|Institution:||Montana State University|
|Keywords:||Carbon.; Nanotubes.; Submillimeter waves.|
|Full text PDF:||http://scholarworks.montana.edu/xmlui/handle/1/1134|
Carbon nanotubes have become a very exciting area of research in the field of nanoelectronics in the past few years. Diodes and transistors fabricated using carbon nanotubes are theoretically very promising. Although, experimentally these devices are challenging to successfully realize it is hoped that further research and improvements in fabrication procedures will yield devices which could match or surpass current CMOS technologies. However, there are still many areas that need to be improved before anyone sees these devices mass produced commercially. This thesis gives a detailed overview of the fundamentals of these devices which can be easily understood by someone with a typical electrical engineering background. The purpose of this thesis is to investigate both the theory behind these devices and to conduct a series of simulations in order to determine how they compare to ultimately scaled CMOS for high frequency applications by ignoring the challenges associated with fabricating these devices reliably. In other words, at best how could these devices perform if they could be mass produced with high yield compared to current technologies? First an introduction to carbon nanotubes and a review of relevant concepts from solid-state electronics will be given, followed by a brief overview of quantum theory for 1-D systems as it pertains to nanotube based electronics.

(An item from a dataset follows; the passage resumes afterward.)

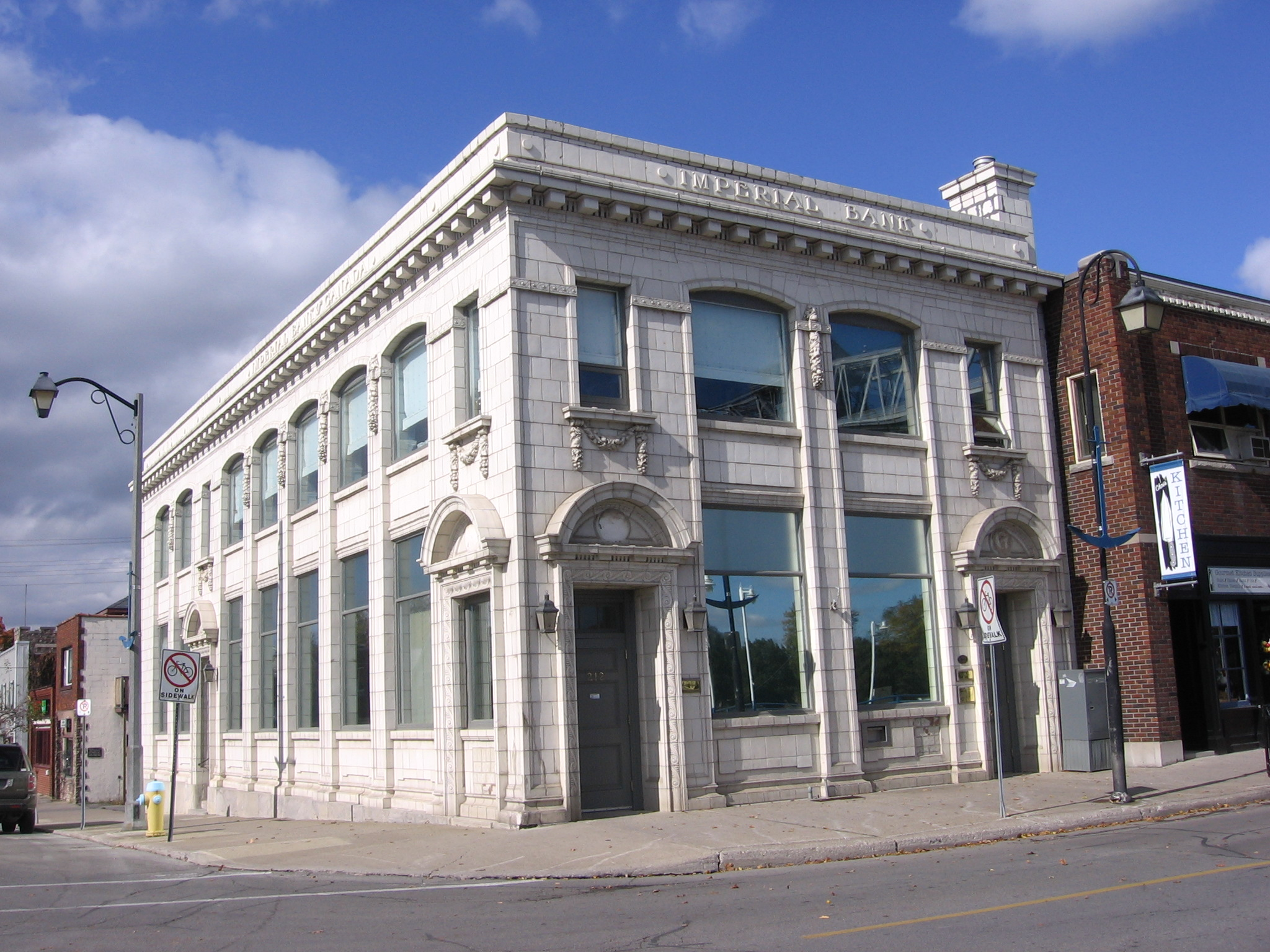 Limestone bank facade in Port Colborne ON
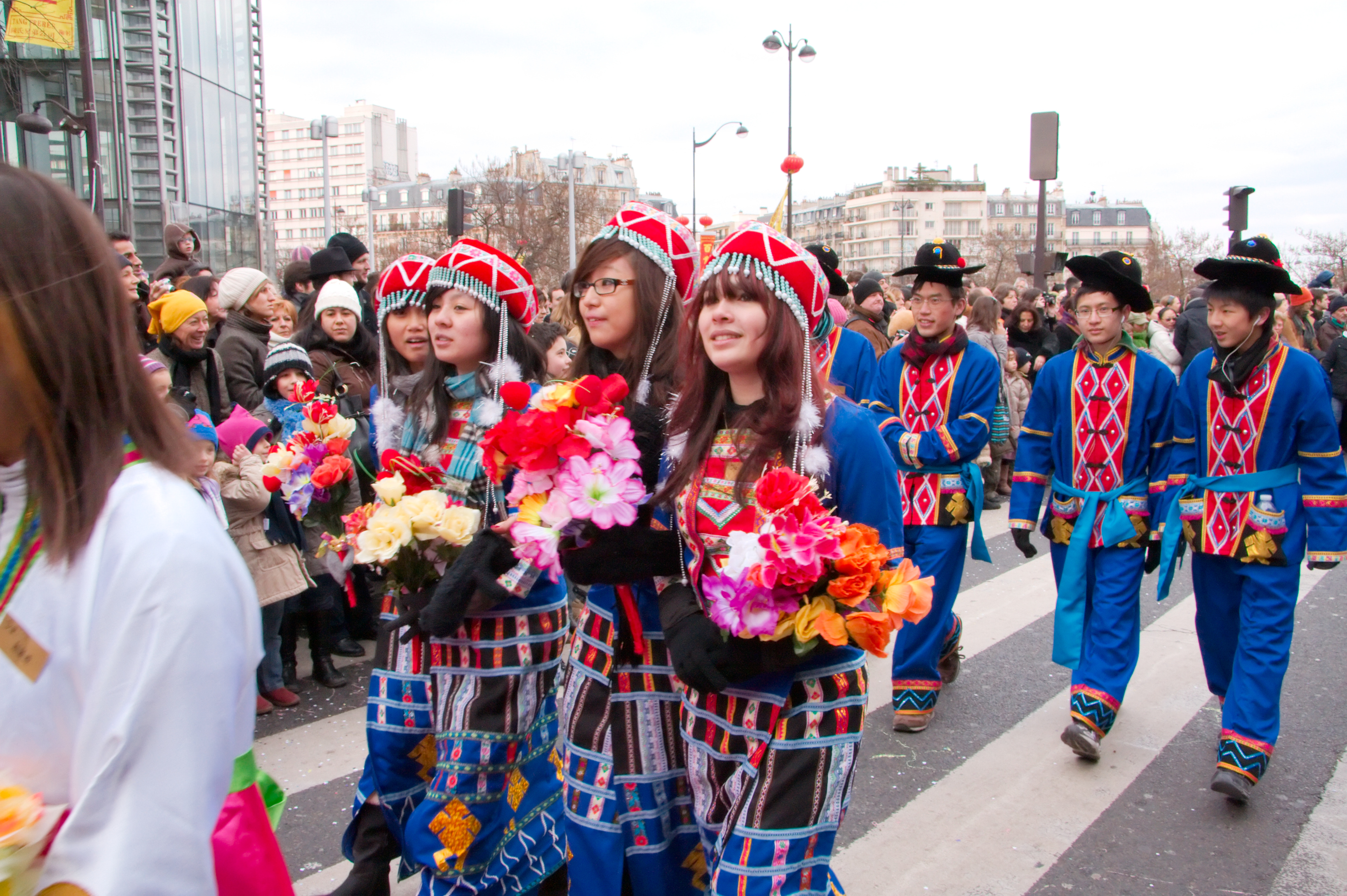 Chinese New Year, which took place in the 13th arrondissement of Paris (France).

This will then be used to develop models for a Schottky diode and Schottky barrier transistor. Simulations using these models were conducted that show the potential for these devices for high frequency electronics. These results are subsequently used to compare to current state-of-the-art technologies. Upon completion of the simulations in this thesis, it was determined that carbon nanotube based Schottky diodes and Schottky barrier transistors do not perform as well as current technologies in relation to applications for submillimeter/millimeter wave detection and analog circuits, even when assuming no limitations imposed due to poor fabrication.